The Electronic Frontier Foundation (EFF) is proposing an extension to the current SSL chain of trust that aims to improve the security of HTTPS and other secure communication protocols.
EFF's Sovereign Keys (SK) specification is designed to put the control give domain owners control over the link between their domain names and their certificates after recent Certificate Authority (CA) compromises raised serious questions about the security of the entire Internet Public Key Infrastructure.
One of the main problems with the current PKI model is the lack of control over CAs and their subsidiaries. There are literally hundreds of organisations spread around the world that are allowed to issue certificates for any domain name, and some of them are operated by governments that practice Internet surveillance and censorship.
Sovereign Keys was designed to solve this problem by allowing domain owners to sign CA-issued certificates with their own private keys for additional authenticity. These validated domain-certificate associations are kept on so-called timeline servers and are synchronised with mirrors that are queried by clients.
The SK specification, which is still in the design stage, has safeguards in place to ensure that clients only trust the most recent entries in the timeline, that associations can easily be revoked and modified by the sovereign key owners, and that browsing performance is not severely affected by the additional traffic.
In essence, the SK model reduces the number of attack points from hundreds of CAs to 30 or fewer servers where any compromise can be detected automatically. Suspicious entries and other indications of a security breach will cause a compromised server to be immediately ignored by mirrors and clients alike.
Certificate authority breaches
Ever since security breaches at CAs Comodo and Diginotar resulted in fake digital certificates for high profile domains being issued, Internet engineers and security researchers have tried to come up with solutions to improve the current system.
One of the suggested solutions, public key pinning, was recently presented at an Internet Engineering Task Force (IETF) meeting in Taipei. It relies on special HTTP headers to inform browsers what certificates should be cached for particular domains and what CAs their owners trust to issue them.
This approach makes things harder for attackers, because they can't generate trusted certificates unless they compromise one of the limited number of CAs accepted by the domain they wish to attack.
However, while certificate pinning is a step forward, the solution isn't perfect. First of all, it only works for HTTPS, leaving out other secure protocols used for email communication or instant messaging, like SMTP over SSL, POP over SSL, IMAP over SSL and XMPP.

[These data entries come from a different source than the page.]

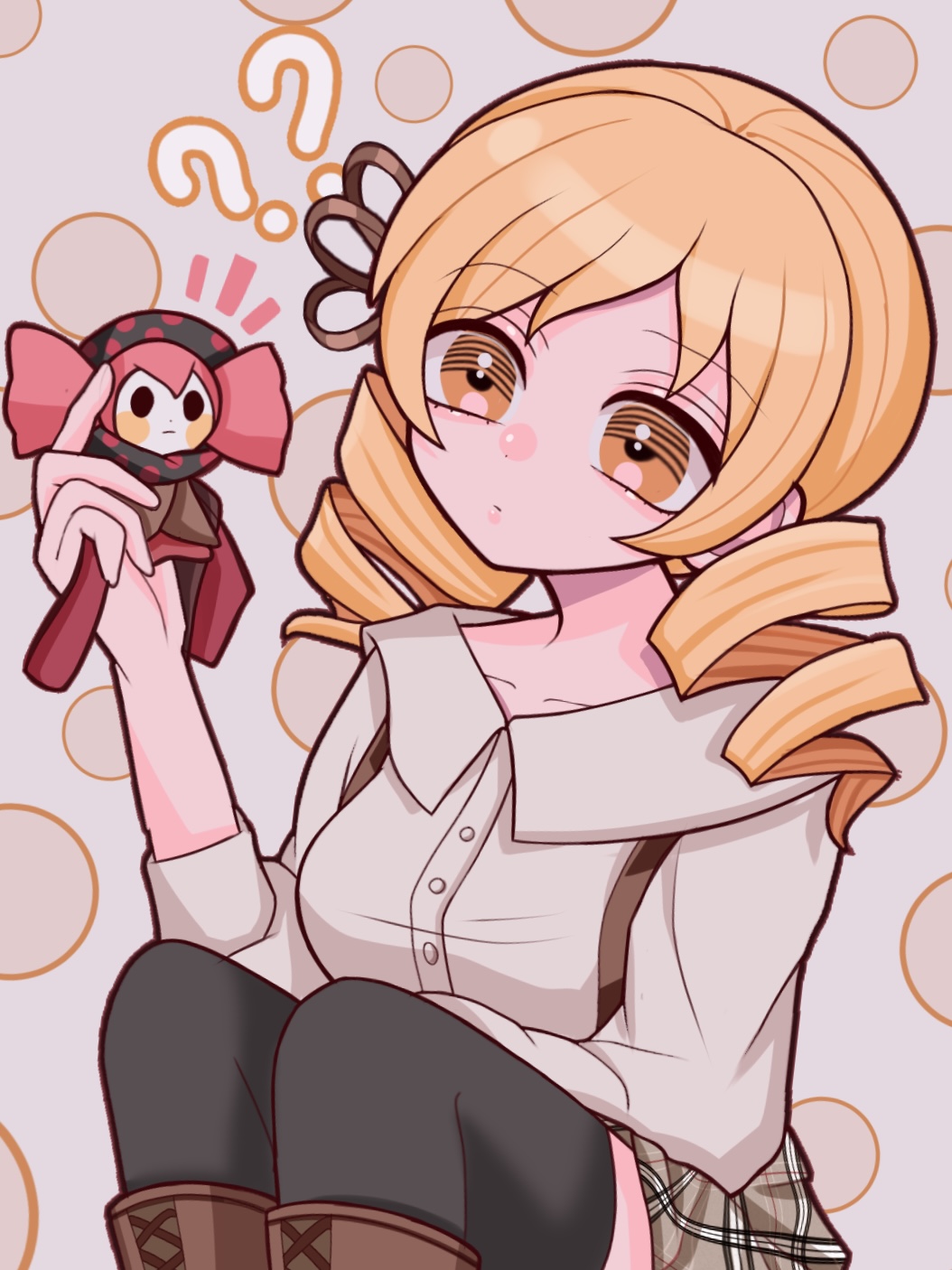 1girl ? ?? black_thighhighs blonde_hair boots breasts brown_boots character_doll character_request collarbone doll drill_hair highres holding holding_stuffed_toy keropiki knee_boots mahou_shoujo_madoka_magica mahou_shoujo_madoka_magica_(anime) medium_breasts medium_hair solo stuffed_toy thighhighs tomoe_mami twin_drills
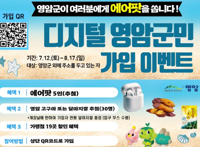 이달 12일 개장해 8/17일까지 운영되는 월출산기찬랜드 개장기간 디지털 영암군민에 가입하면 추첨을 거쳐 푸짐한 선물을 제공한다.
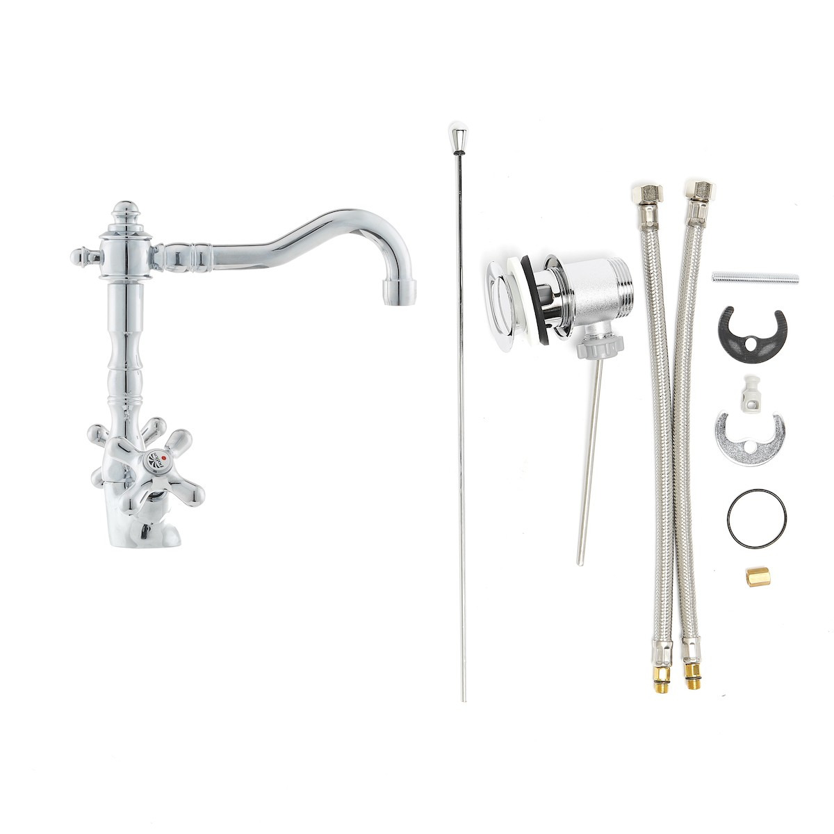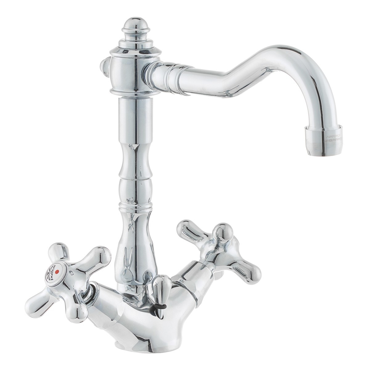 Paffoni Ricordi Mélangeur de lavabo XL avec tirette et bonde, Design vintage, Chrome (IR085)

Other criticisms are that certificate pinning lacks a coherent revocation mechanism, and doesn't prevent attacks against users who connect for the first time to a domain name. According to the EFF, the Sovereign Keys extension addresses all of these problems.
In addition, the SK specification is compatible with DANE (DNS-Based Authentication of Named Entities), a protocol used to associate certificates with domain names via DNSSEC, and can be be used to cross-sign DANE keys in order to prevent DNS-based attacks.
Steps to Convergence
The Sovereign Keys system is said to addresses the false positive and false negative issues raised by Convergence, a system designed by SSL security researcher Moxie Marlinkspike, which aims to slowly replace the CA model.
With Convergence, a browser trying to establish an HTTPS connection asks a number of trusted third party notary servers to also query the domain. If the digital certificates received by the notaries and the browser are different, then a man-in-the-middle attack is most likely in progress and the connection is refused.
Marlinspike is skeptical regarding the success of Sovereign Keys because it requires too many changes to current SSL/TLS implementations. "The deployment of 'Sovereign Keys' would require a major internet migration, changing both the way that every webserver deploys SSL today, as well as the way that every SSL client processes server certificates," he said.
"My feeling is that this migration would be unlikely to happen, as it requires the use of client technologies that web browsers are disinclined to integrate, as well as commitments and mechanics that the operators of SSL websites are disinclined to make," he added.
Even though people and organisations have different ideas about how the security of the Internet public key infrastructure should be improved, they all seem to agree that the CA model needs to be replaced or strengthened.
Marlinspike believes that the solution which will eventually be accepted will most likely be the one that requires less changes from those involved in the process. "As we've seen from years of talk about the deficiencies of the CA system, the hard part of this work is not coming up with an idea, but getting it done," he said.